[hutao]

One of the most thorough articles on error handling in programming language design that I've read is this one: https://joeduffyblog.com/2016/02/07/the-error-model/. It was written by Joe Duffy, who worked on Microsoft's experimental Midori language.

Another relevant article is Robert Nystrom's "What Color is Your Function?": https://journal.stuffwithstuff.com/2015/02/01/what-color-is-... This article is about async/await, but the same principles apply to error handling. This article uses colors as an analogy, but is really about monads.

Both IO and exceptions can be denoted as a monad. What this means is that a function inside the programming language, A -> B, can actually be denoted by a mathematical function of the signature [[A]] -> M [[B]], for some monad M. For example, if we are dealing with the exception monad, M would be _ + Exception.

A language such as Java implicitly executes in the IO + exception monad. However, the monad can also be exposed to the programmer as an ordinary data type, which is what Haskell does. When people talk about the tradeoff of exceptions versus Result<T, E>, or the tradeoff between preemptive concurrency and async/await, they are really talking about the tradeoff between making the monad implicit or explicit. (A language where all functions may throw is like one where all functions implicitly return Result<T, E>. A language where all functions may be preempted is like one where all functions are implicitly async, and all function calls are implicitly await points.)

The theoretical technique of using monads to model the implicit effects of a programming language was pioneered by Eugenio Moggi, and the idea of making them explicit to the programmer was pioneered by Philip Wadler.

Something else to think about is how monads stack. For example, how would you handle functions that are both async/await and throw exceptions? Does the answer change when the monad is implicit (e.g. throwing exceptions) or explicit (e.g. returning a result)?

[spankalee]

That Midori article looks great, I'll give that a closer read. I actually used to work with Bob, and am familiar with the (wonderful!) function color article.

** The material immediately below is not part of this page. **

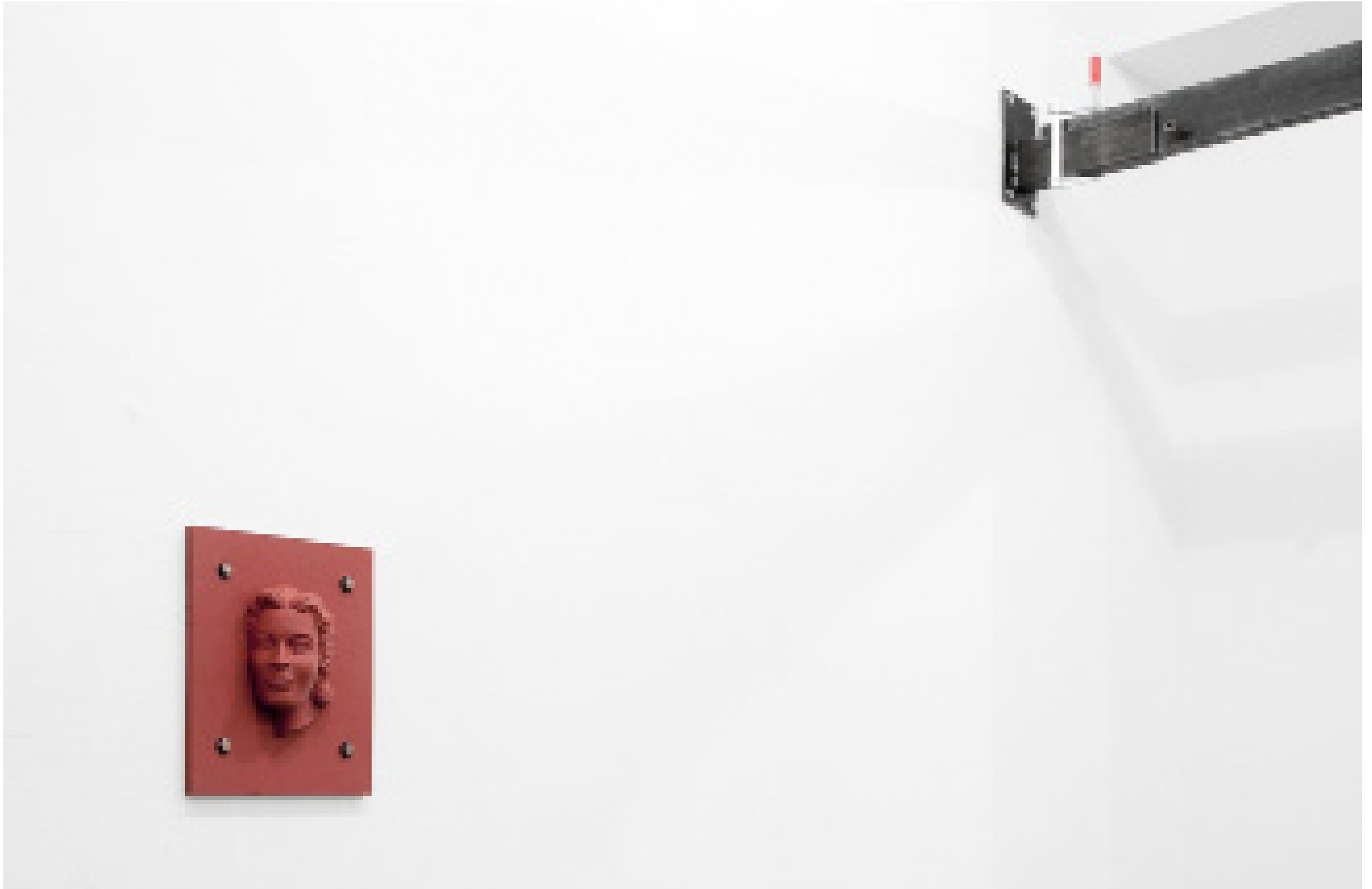
Emmas Bett, 2010, gum, pigments, steel, 39 x 34 x 9 cm

I think my biggest question might be addressed in the Midori article: with things like bounds checks and checked casts you already have exceptions (or panics), so should you have a way to capture them anywhere on the stack? Are they recoverable in some programs? So should you have try/catch even if you try to make most errors return values?

Another set of questions I have is around reified stacks. Once you have features like generators and async functions, and can switch stacks around, you're most of the way to resumable exceptions. I don't yet fully grok how code as the resume site is supposed to deal with a resume, but maybe resumable exceptions are a reason to keep them.

[hutao]

I'd never heard of "resumable exceptions" before, so I searched them up [1][2]. Is this another name for the language feature called "effect handlers" in OCaml 5?

[1] https://osa1.net/posts/2024-11-04-resumable-exceptions.html

[2] https://softwareengineering.stackexchange.com/questions/8033...

[spankalee]

Yes, afaiu at least, effects and resumable exceptions are nearly the same, and you can implement one with the other.

[tome]

Pretty much every language has a form of resumable exception known as a "function call". It's hard for me to understand why no one in the algebraic effects/effect handlers community has noticed this yet.

[hutao]

This is the difference between functions and effect handlers, to my understanding:

Functions map inputs to outputs, with a type signature that looks like A -> B. Functions may be composed, so if you have f: A -> B and g: B -> C, you have gf: A -> C. Function composition corresponds with how "ordinary" programming is done by nesting expressions, like g(f(x)).

Sometimes, the function returns something like Option<B> or Future<B>. "Ordinary" function composition would expect the subsequent function's input type to be Future<B>, but frequently you need that input to have type B. Therefore, optionals or futures require "Kleisli composition," where given f: A -> Future<B> and g: B -> Future<C>, you have gf: A -> Future<C>. Kleisli composition corresponds with "monadic" programming, with "callback hell" or some syntactic sugar for it, like:

    let y = await f(x);
    g(y)

Effect handlers allow you to express the latter, "monadic" code, in the former, "direct style" of ordinary function calls.